You should hear this: Noteworthy albums of the year (so far)
March 3, 2023
Lil Yachty’s “Let’s Start Here” – Killian Baarlaer
The self-proclaimed “King of the Teens” Lil Yachty has been a consistent figure in mainstream hip hop since 2016. After making splashes in the scene with his debut mixtape “Lil Boat,” whose inane but lighthearted lyrics, bubbly melodies and autotune-wrapped boyish vocals were a precursor to the current state of hip hop, he found himself sauntering in undefined sound for a few years. At times his work has been sloppy, amorphous and trite, but he sprinkled in his fair share of gems. I’ve kept a sweet spot for him–I find his authenticity inviting and his approach to his creative and commercial ventures savvy. When he released his tape “Michigan Boy Boat” in 2021, he reasserted his ability to compose a left-field and sonically cohesive project. Now he’s done it again–this time with a chasmic change of direction–with “Let’s Start Here.”
On the alternative psych-rock album, Lil Yachty finds himself crooning in thickets of autotune atop lushly textured instrumentals. Waves of guitar, crashing drums and hypnotic synths arrange into a versatile track list with sounds that reflect influence from psych rock, indy pop and disco.
Upon learning this album is alternative-leaning in sound, I was interested to hear how Lil Yachty’s subpar singing voice would hold up over the span of an entire album. Only truly rapping in one verse on the back half of the track “drive ME crazy!”–and doing it impeccably–Lil Yachty is able to leverage his voice with an adept awareness of his strengths and weaknesses. This is aided by the appearance of plentiful guest voices—Fousheé, Teezo Touchdown, Diana Gordon to name a few—that bring tasteful variation to Lil Yachty’s underwhelming vocal skill set and autotune-soaked delivery. That’s not to say what he does with his voice isn’t entertaining. Listeners may remember the viral track “Poland” that turned heads for its elongated, warbling autotune purrs that sound like Lil Yachty recorded them in an echo chamber. That mixing technique has found a legitimate stead in his musical arsenal–it’s used in nearly every track. Prominent on the project too are flurries of goosebump-inducing vocal harmonies that feel cathartic and really give the album a psychedelic and profound edge.
“Let’s Start Here” is the latest stroke of Lil Yachty’s playful and experimental musical disposition, and the creativity on display here is a testament to his artistic progression and vision that refuses to cave to snobbish or confining expectations.
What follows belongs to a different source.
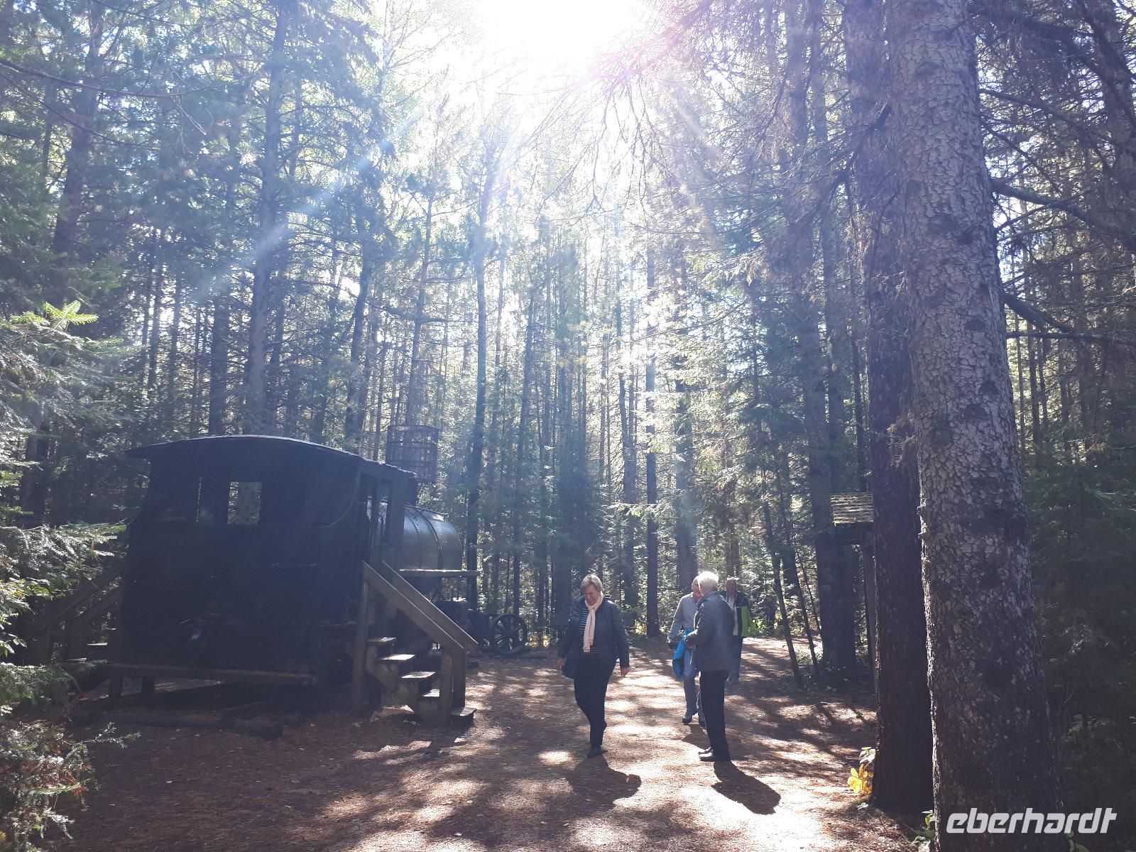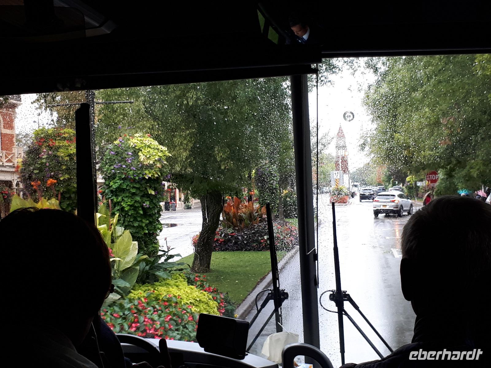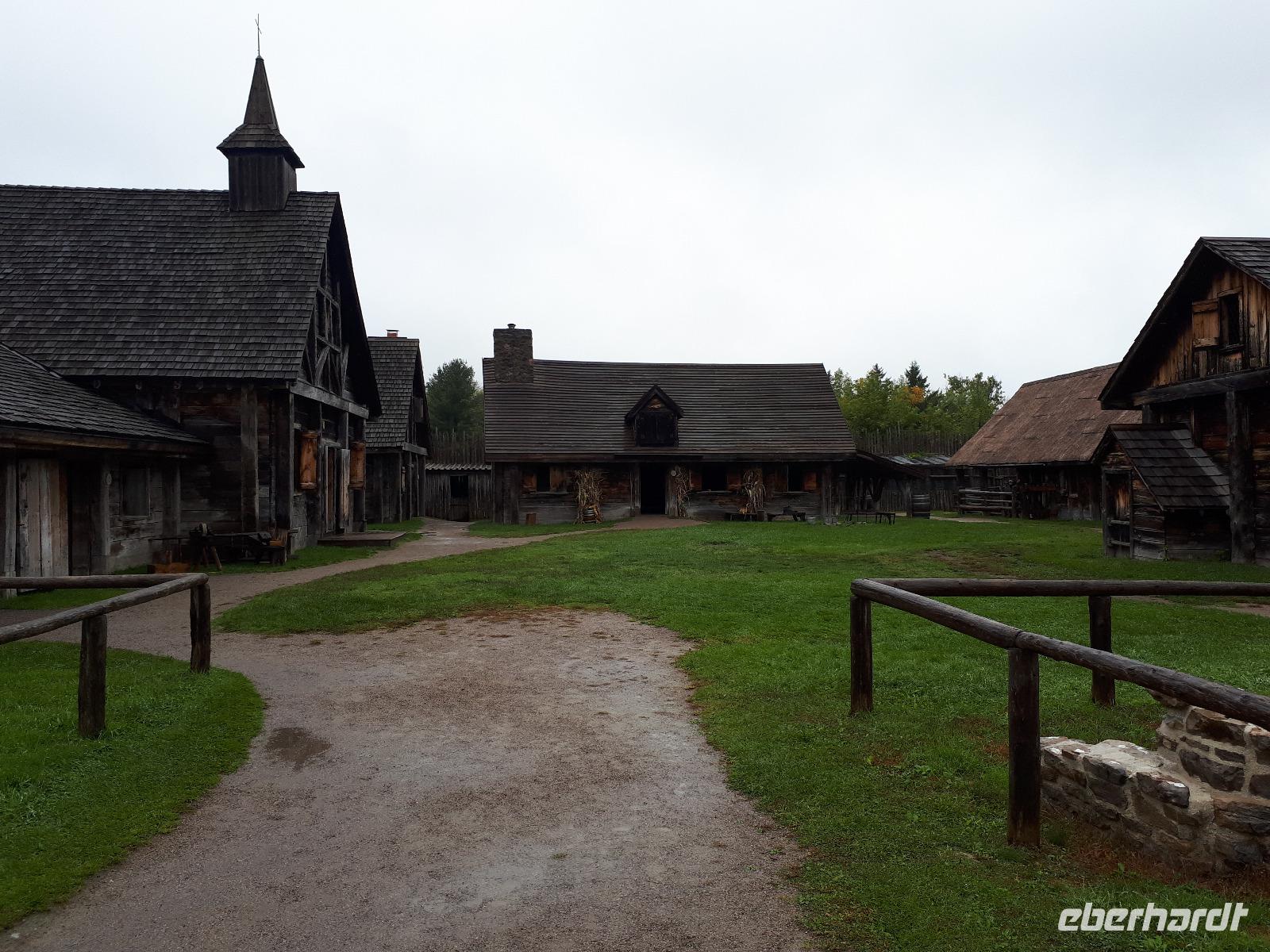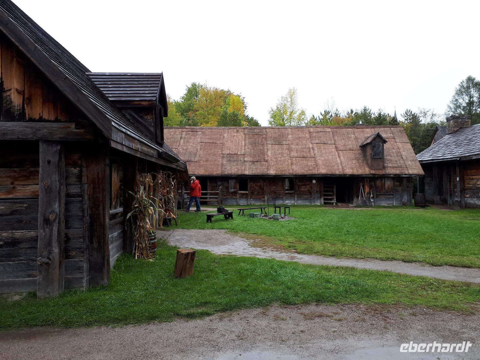 Leider erwartete uns am heutigen Tag verregnetes Wetter. Gut, dass wir schon am Vortag die Bootstour zu den Fällen unternommen hatten. Wir starteten vorbei an den Stromschnellen, dem berühmten Wasserkraftwerk und der größten weltweiten Blumenuhr Richtung Niagara on the Lakes. Unterwegs stoppten wir an der wohl kleinsten Kapelle der Welt, der Living Water Wayside Kapelle und durchfuhren schließlich das kleine süße Städtchen. Diese Region ist ebenfalls für seinen Eiswein bekannt. Neben den Provinzen Quebec, Nova Scotia und British Columbia verfügt nur Ontario über die nötigen Wetterbedingungen, unter denen die Trauben direkt am Weinstock einfrieren können. Dieses exklusive Getränk wollten wir nun auch probieren und so hielten wir spontan an einer Kelterei und ließen uns die angebotenen Köstlichkeiten schmecken. Nach einem weiteren Stopp in einem Shop für alle nur denkbaren Erdnuss-Variationen setzten wir unsere Fahrt in den Norden nach Sainte-Marie among the Hurons fort. Diese historische Festung war im 17. Jahrhundert das Hauptquartier der französischen Jesuiten-Mission und war die erste europäische Gemeinschaft Ontarios. Wir spazierten durch das ehemalige Missions-Dorf und konnten uns anschaulich vorstellen, wie die Franzosen mit den Wendat-Indianern zusammenlebten. Am Abend erreichten wir unser Hotel in Huntsville direkt am Lake Peninsula.

Conjureth’s “The Parasitic Chambers” – Mildred Nguyen
With the old-school death metal revival in full swing, it might not be exaggerating to say that dozens of bands come—and go—every day: all young, obscure and eager to capture the manic magic that barreled through the metal world in the late ‘80s and throughout the ‘90s and established death metal as an extreme music mainstay. The downside is that, like any other music genre in existence, the scene often churns out mediocre bands that imitate their forerunners with little to none of the freshness. The upside is that, sometimes the scene churns out a band like Conjureth, and they might release an album like “The Parasitic Chambers.”
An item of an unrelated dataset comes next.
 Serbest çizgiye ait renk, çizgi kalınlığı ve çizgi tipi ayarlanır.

All of the hallmarks of great death metal are here, localized within 38 minutes—a perfect length, not too long, not too short—of pummeling blast beats, noisy cymbals and enormous riffs, with effects on Wayne Sarantopoulos’ vocals that make it seem he is growling his lungs out in a cavernous chamber. In spite of the majestically enigmatic cover art that calls to mind a fantasy novel or role-playing game, the ten songs’ runtime is steeped in the same oppressive thickness and darkness that you might find while standing alone, with no lights, in one of the less explored corners of Mammoth Cave, yet propelled forward by an uptempo momentum of sheer cascading violence. Imagine the cave’s ceiling is collapsing or a behemoth of a boulder is rolling toward you, and your mind is emptied of everything except for a boiling adrenaline rush to run as fast as you can. If the panic now seizing your body had a sound, it would sound like this album.
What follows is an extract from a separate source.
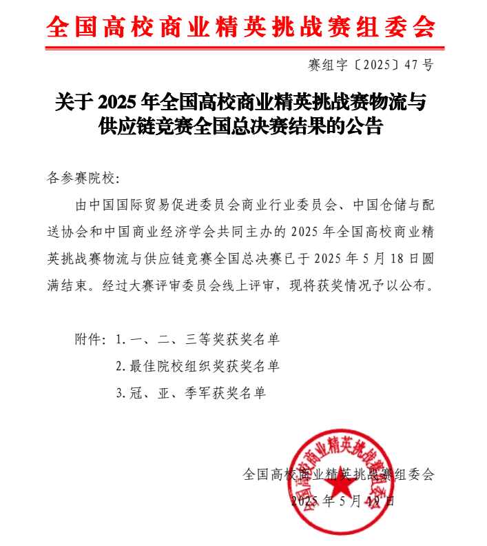 【本网讯】2025年5月18日,全国高校商业精英挑战赛物流与供应链竞赛全国总决赛在线成功举办。此次活动是由中国贸促会商业行业委员会、中国仓储与配送协会、中国商业经济学会共同主办的面向物流相关专业在校大学生的赛事。竞赛自去年9月启动以来,吸引了来自全国18个省、自治区、直辖市的70多所高等院校报名参赛。我院物流管理专业第一次参加此赛事,经过层层选拔,共8支队伍进入总决赛,经过激烈角逐,物流管理专业学子们喜获二等奖6项,三等奖2项,beat365在线体育官网登录入口获得最佳院校组织奖。

It is downright filthy, but maintains consistency without lapsing into monotonous sludge. This is helped by two important elements: a flair for catchy songwriting—the riffs in “Devastating Cataclysmic Unearthing,” backed by a creeping bass undercurrent, are prime headbanging material—and the short, stellar bursts of soloing that pierce the muddy film to leave a soaring and surprisingly melodic impression. No two songs are exactly the same, which is what makes this album so exhilarating.
Riding the crest of a revival wave that itself is at risk of aging, “The Parasitic Chambers” is a fresh take on old sounds. If they continue the musical trajectory of this excellent sophomore effort and the no less exciting 2021 debut, Conjureth are sure to have a bright future ahead of them.